Problem 12-88B (Algorithmic) Using Common Size Statements

Groff Graphics Company owns and operates a small chain of sportswear stores located near colleges and universities. Groff has experienced significant growth in recent years. The following data are available for Groff:

Groff Graphics Company
Consolidated Income Statement
(In thousands)
Year ended December 31,
2019 2018 2017
Sales $54,322 $42,893 $35,526
Cost of goods sold 32,936 25,682 21,721
Gross margin $21,386 $17,211 $13,805
Other income, net 397 439 421
$21,783 $17,650 $14,226
Costs and Expenses:
Selling and administrative $17,857 $14,665 $12,754
Interest 1,356 863 622
Total costs and expenses $19,213 $15,528 $13,376
Income before income taxes $ 2,570 $ 2,122 $ 850
Provision for income taxes 885 746 623
Net income $ 1,685 $ 1,376 $ 227

Groff Graphics Company
Consolidated Balance Sheets
(In thousands)
December 31,
ASSETS 2019 2018 2017
Current assets:
Cash $372 $301 $245
Accounts receivable 4,798 3,546 3,369
Inventories 5,673 4,521 3,389
Total current assets $10,843 $8,368 $7,003
Property, plant and equipment (net) 4,912 3,541 2,937
Other assets 592 592 552
Total assets $16,347 $12,501 $10,492
LIABILITIES AND STOCKHOLDERS' EQUITY
Current liabilities:
Short-term notes payable $4,314 $1,731 $463
Accounts payable 1,256 987 783
Total current liabilities $5,570 $2,718 $1,246
Long-term debt 3,241 3,234 3,266
Total liabilities $8,811 $5,952 $4,512
Common stock & additional paid-in capital $4,367 $4,598 $4,725
Retained earnings 3,169 1,951 1,255
Total stockholders' equity $7,536 $6,549 $5,980
Total liabilities and stockholders' equity $16,347 $12,501 $10,492

Required:

1. Calculate how much Groff's sales, net income, and assets have grown during these 3 years.
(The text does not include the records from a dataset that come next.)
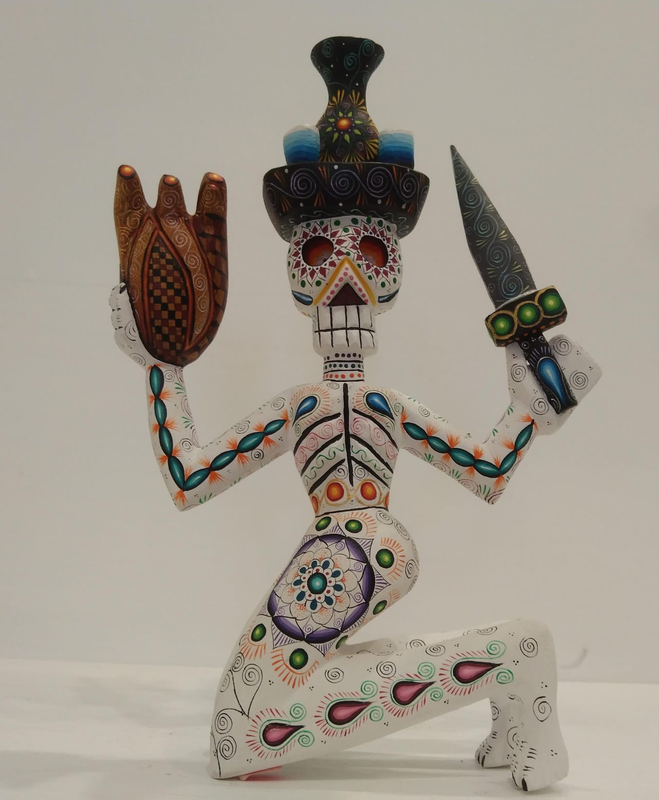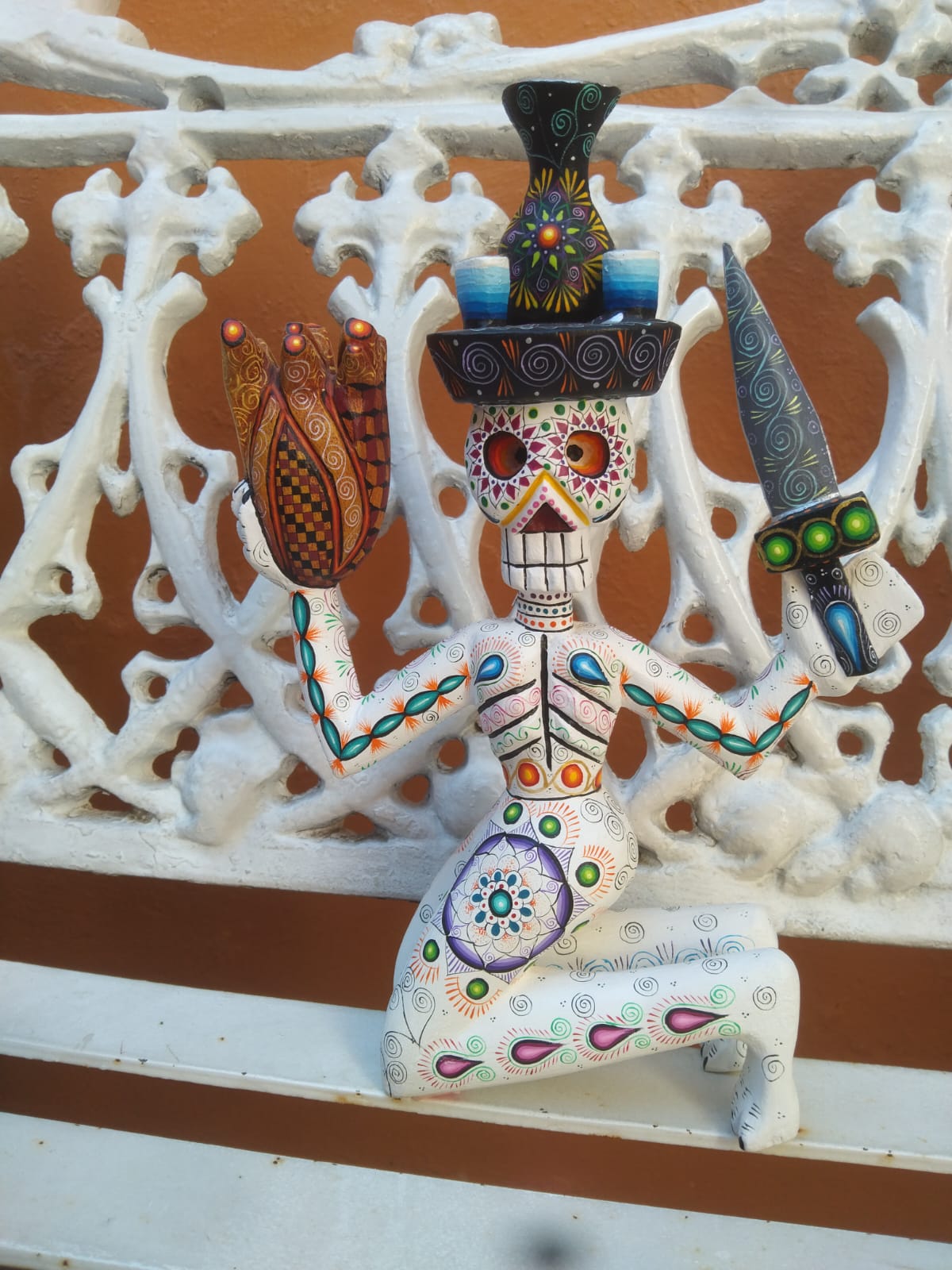 Este impresionante Catrín artesanal ha sido tallado y pintado completamente a mano, mostrando un nivel de detalle único y colores vibrantes que lo hacen una pieza especial.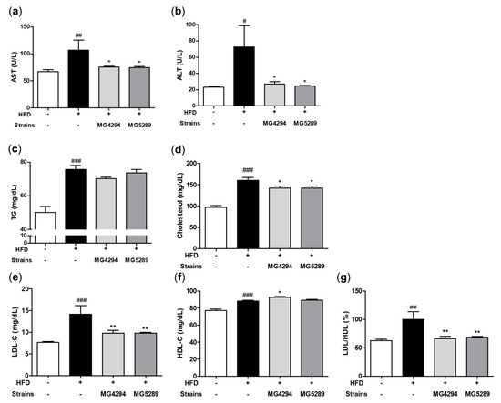 Serum analysis results for all biochemical parameters are shown in Figure 4. The levels of AST and ALT, indicators of liver toxicity enzyme, significantly decreased in the L. fermentum MG4294 and L. plantarum MG5289 treated groups compared to the HFD group (p < 0.05; Figure 5a,b).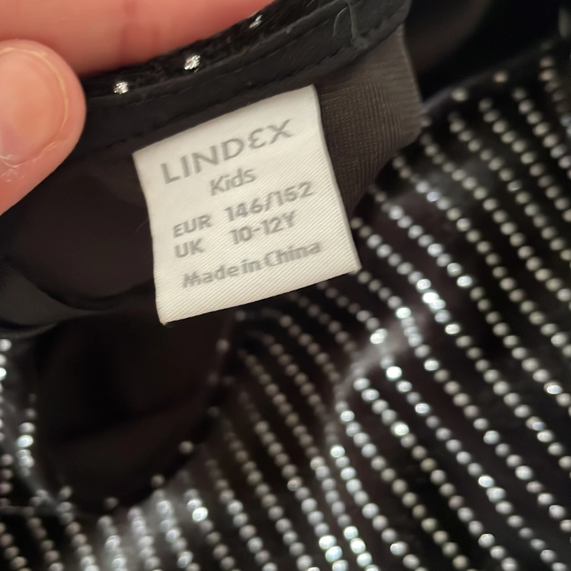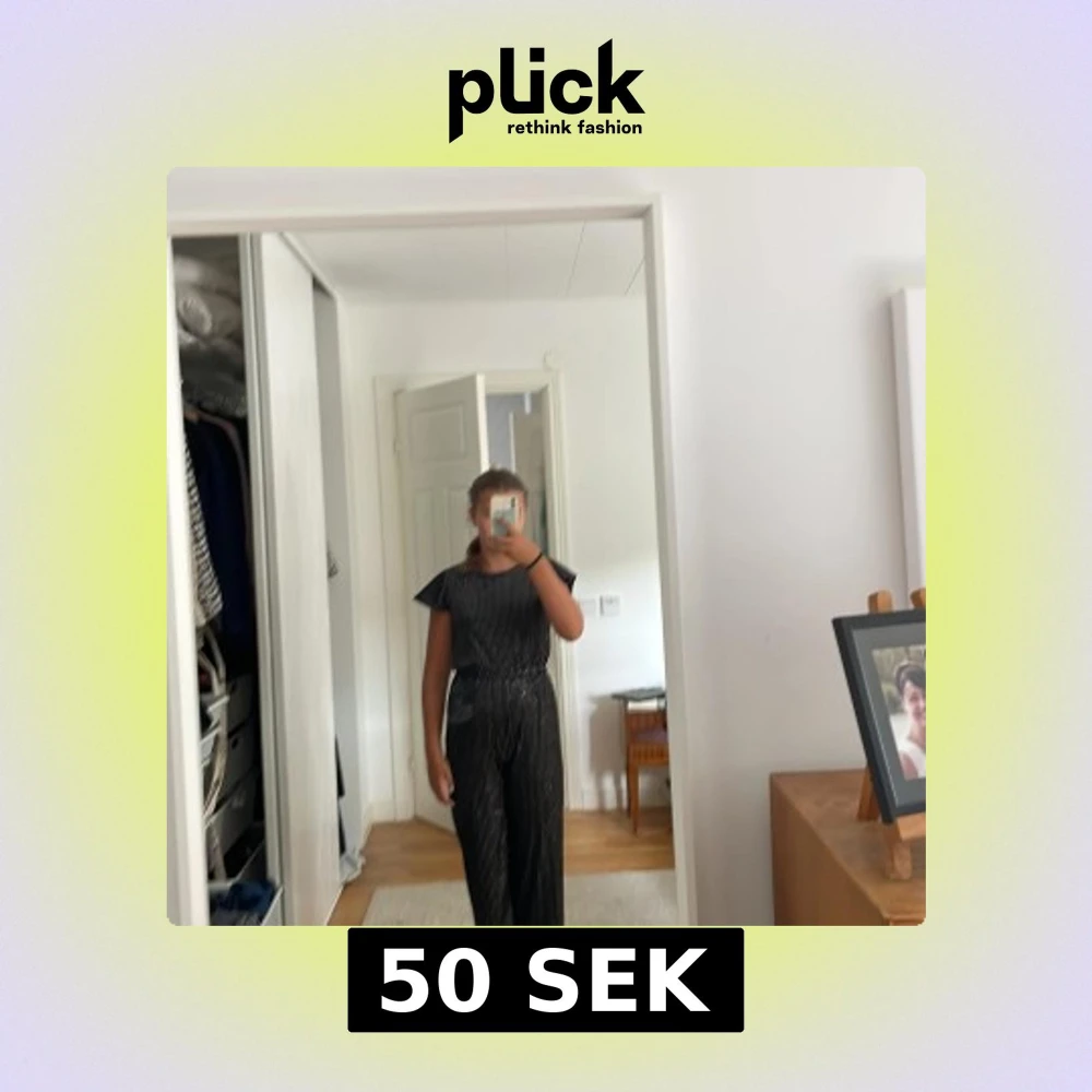 Snygg svart byxdress från Lindex med glittriga ränder och vida ben. Byxdressen har korta volangärmar och markerad midja. Perfekt för dig som vill sticka ut med en cool och trendig look.

Round your answers to the nearest whole percent.

Sales %
Net income %
Assets %

2. Explain how Groff has financed the increase in assets.

Groff financed its asset growth through an increase in retained earnings and an increase in current liabilities.

3. Conceptual Connection: Is Groff's liquidity is adequate? Yes

4. Conceptual Connection: Why is interest expense growing?

Because short-term notes payable is increasing.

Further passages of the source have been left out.